Early on I discovered that from the level where I experienced reality, present were many contradictory and uncomfortable emotions—uncomfortable in how they involved other people. If I’m responding to my high school sweetheart telling me he loves me by telling him that I love him too, yet I feel parts of myself that aren’t necessarily in agreement with that, am I ‘lying’ to him? And though I may feel uncomfortable, that I’m being dishonest by not telling him about the presence of these facts of those parts of myself, where is the place on the scale of reality he was coming from for confessing the stuff that comes from a sub-level of that scale?

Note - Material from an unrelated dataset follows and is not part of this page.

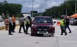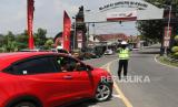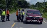 Polisi melarang masuk mobil berplat nomor luar daerah menuju Kediri yang dicurigai akan mudik di Kediri, Jawa Timur, Ahad (26/4/2020). Pemeriksaan (check point) di akses utama masuk Kediri tersebut terkait larangan mudik guna menangkal penyebaran COVID-19 (FOTO : ANTARA/Prasetia Fauzani/)
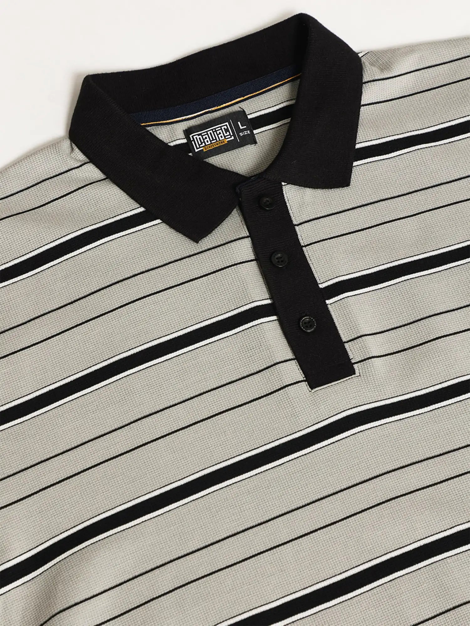 Neutral Stripe Grey, Black Half Sleeve Polo T-Shirt

My musings are telling me that though we largely interact with people, there is a place in our selves where we really can’t take another person and we’re on our own. And that I discovered that fairly early, maybe in that instance where I wasn’t sure what my mother meant when she and that lady asked me if I’d taken a toy, and so assumed they knew on that level too. Perhaps for the rest of my life I’ve been confused about what truth is at that level and I haven’t really been able to see—because at that time I couldn’t. Because it involved the truth that in that instance my mother hadn’t protected me which maybe my childish mind generalized to other and all situations. I suppose that part of what I’d tell myself would be that my mother hadn’t protected me because she knew I was ‘bad’, that even if I hadn’t stolen the toy I might as well have. I suppose I had to believe that I was flawed, because I couldn’t tolerate believing my mother was. Perhaps there is the seed of the self doubt that has been an intimate part of my life for as long as I can remember.So I always lived in fear of that flaw being exposed, and I always had to wait until someone made their truth explicit to me because I couldn’t trust my own judgment about their behavior. And I would choose to think that I was flawed when it came to any question between me and another person.
So perhaps that’s my separation from home, the sense of a flaw between me and mySelf, and the journey home is the examining its origins and the degree to which it’s invested in my life, how it’s affected my life by the way it’s affected how I experience events.